2.3. CO2 Adsorption Measurement

Although the concentration of CO2 originating from many industrial processes is about 10–15%, the concentration of CO2 in the atmosphere is much less than this standard value. Moreover, a great number of adsorbents exhibit a large decrease on CO2 adsorption capacity as the diminution of CO2 concentration. Therefore, a lower concentration of CO2 is necessary for the promotion of CO2 adsorption in atmosphere. For this purpose, 5% CO2 and a lower concentration have been used [25, 27, 28].
Similar to our previous work, CO2 adsorption experiment was carried out using a Micromeritics AutoChem II 2920 Chemisorption analyzer [22, 25]. Typically, a desired amount of adsorbent was exposed to a pure argon flow at 100°C in order to remove the impurities adsorbed on the surface. Then, the gas flow was altered to 5% CO2 for the adsorption. In this study, CO2 adsorption capacity was achieved through the integration of the resulted breakthrough curve, which was obtained by detecting CO2 concentration in the residual gas. After 10 min, the adsorbent was regenerated at 100°C in a stream of pure argon flow (100 mL/min). Similar to the previous work [29], CO2 desorption in the system with enough inert gas of Ar is easier than that in the air. In this situation, the majority of CO2 adsorbed in the surface of amine immobilized porous materials could be removed, leading to the regeneration of the adsorbent.

3. Results and Discussion

3.1. Characterization

3.1.1. NH3-temperature-programmed desorption (NH3-TPD)

Fig. 1 shows the NH3-TPD tested results of TiO2 before and after the doping with Zr species. For all of the supports, the desorption peaks within 100 to 500°C are observed. In addition, the acidity increases first and then declines with the rise of Zr/Ti molar ratio.
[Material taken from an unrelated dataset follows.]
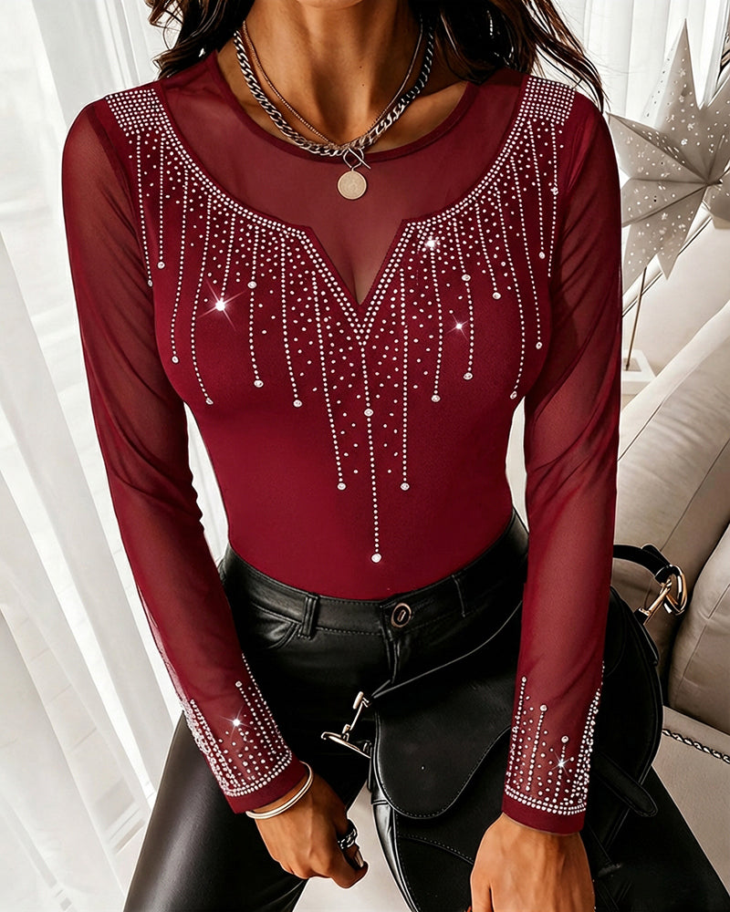 Pearls Decor Mock Neck Sheer Mesh Spliced Ruched Tee Hollow-out Back Slim Fit Textured Top

When the molar ratio of Zr/Ti is 0.1, the maximum surface acidity of 0.679 mmol/g is obtained, which is 1.87 times higher than that of TiO2 without Zr species. According to the previous work [25, 26], the ratio of Zr/Si is very important in the adjustment of surface properties. When Zr/Ti ratio is less than 0.1, Zr species could be dispersed well in the framework of the support. The Lewis acidity increases with the rise of the Zr/Ti molar ratio. In this case, more and more amines react with the support, resulting in the increase of CO2 affinity sites. As a result of this, CO2 adsorption capacity is enhanced. When the Zr/Ti molar ratio is 0.1, the Lewis acidity reaches the maximum value, leading to the maximum amount of CO2 adsorption capacity. Further increase of the Zr/Ti molar ratio causes a distortion of the TiO2 network. In addition, the high Zr content results in the low ordering of the structure, even the collapse of the mesoporous structure. Because of these, less amines could be grafted on the support, leading to the decrement of CO2 adsorption capacity. Therefore, Zr/Ti molar ratio of 0.1 is selected for the grafting of TEPA and good CO2 adsorption performance.
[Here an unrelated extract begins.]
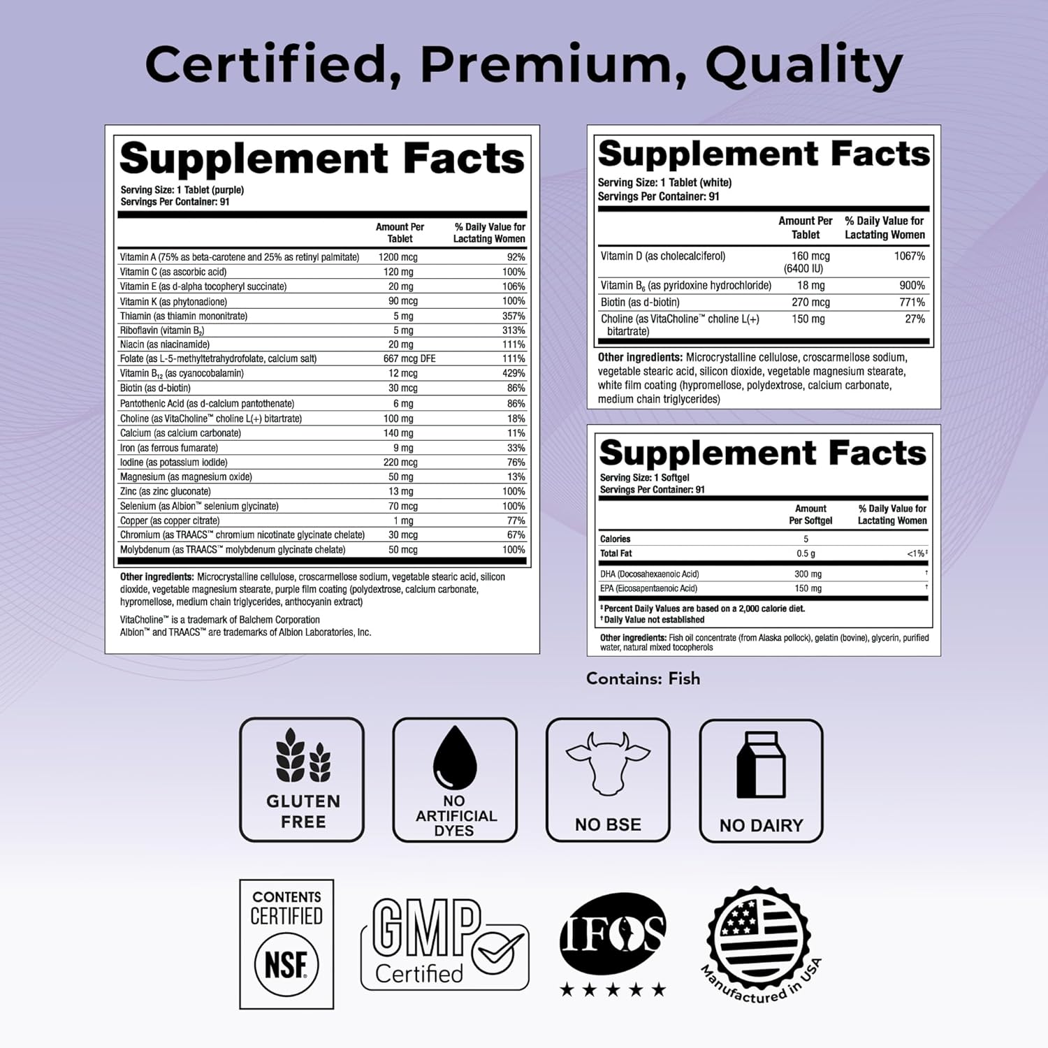 Theralogix TheraNatal Lactation Complete Postnatal Vitamin Supplement – 13-Week Supply – Breastfeeding Supplement for Women – NSF Certified – 182 Tablets & 91 Softgels

3.1.2. Powder X-ray diffraction (PXRD)

Fig. 2 displays the XRD results of TiO2, TiO2(Zr0.1) and the modifier of TEPA(40)/TiO2(Zr0.1). The diffraction pattern of TiO2 is according to that of PDF#29-1360. The peaks at 25.339°, 27.488°, 30.807°, 37.933°, 48.011°, 54.203°, 55.710° and 63.414° are assigned to the crystals of (111), (110), (121), (131), (211), (231), (320) and (151) [30]. With the doping of Zr, the diffraction patterns does not change, indicating that the structure is preserved. However, the intensity of the (111) peak drops a lot. The (111) peak is a characteristic diffraction peaks of orthorhombic TiO2 which is made up by Ti and O atoms. With the doping of Zr, part of Ti atoms in the lattice are replaced by Zr species, leading to the decrement of (111) peak intensity. Over TiO2(Zr0.1), no diffraction peak of ZrO2 is detected, indicating that Zr species is dispersed well in the framework of TiO2. After the loading of 40% of TEPA, the intensity of the diffraction peaks decreased, which is possibly caused by the filling of TEPA. Besides, the peak shift of (110) plane from 27.488° to 27.446° is observed, which could be explained by the reaction between TEPA and the support [31].

3.1.3. Infrared spectroscopy (IR)

Fig. 3 reveals the IR images of TiO2, TiO2(Zr0.1) and TEPA(40)/TiO2(Zr0.1). As seen, the peak at 663 cm−1 on TiO2 is attributed to the Ti-O-Ti bond [30]. The peak moves to 568 cm−1 after the doping of Zr, which could be explained by the formation of Zr-O-Ti bond [32]. On TiO2(Zr0.1), the peak at 1,626 cm−1 is assigned to the bending vibration of physically adsorbed H2O [30]. Compared with TiO2(Zr0.1), TEPA(40)/TiO2(Zr0.1) shows some new peaks. The peaks: 1) at 3,276 cm−1 is assigned to N-H stretching vibrations [33]; 2) at 2,939 cm−1 and 2,826 cm−1 are attributed to the symmetric and asymmetric stretching vibration of C-H [33, 34]; 3) at 1,667 cm−1 and 1,542 cm−1 are related to N-H bending vibration [33, 34]. 4) at 1,441 cm−1 and 1,368 cm−1 are associated with the deformation of C-H bond [34]. The IR results demonstrating that TEPA is successfully incorporated.

3.1.4. X-ray photoelectron spectroscopy (XPS) and inductively coupled plasma atomic emission spectroscopy (ICP)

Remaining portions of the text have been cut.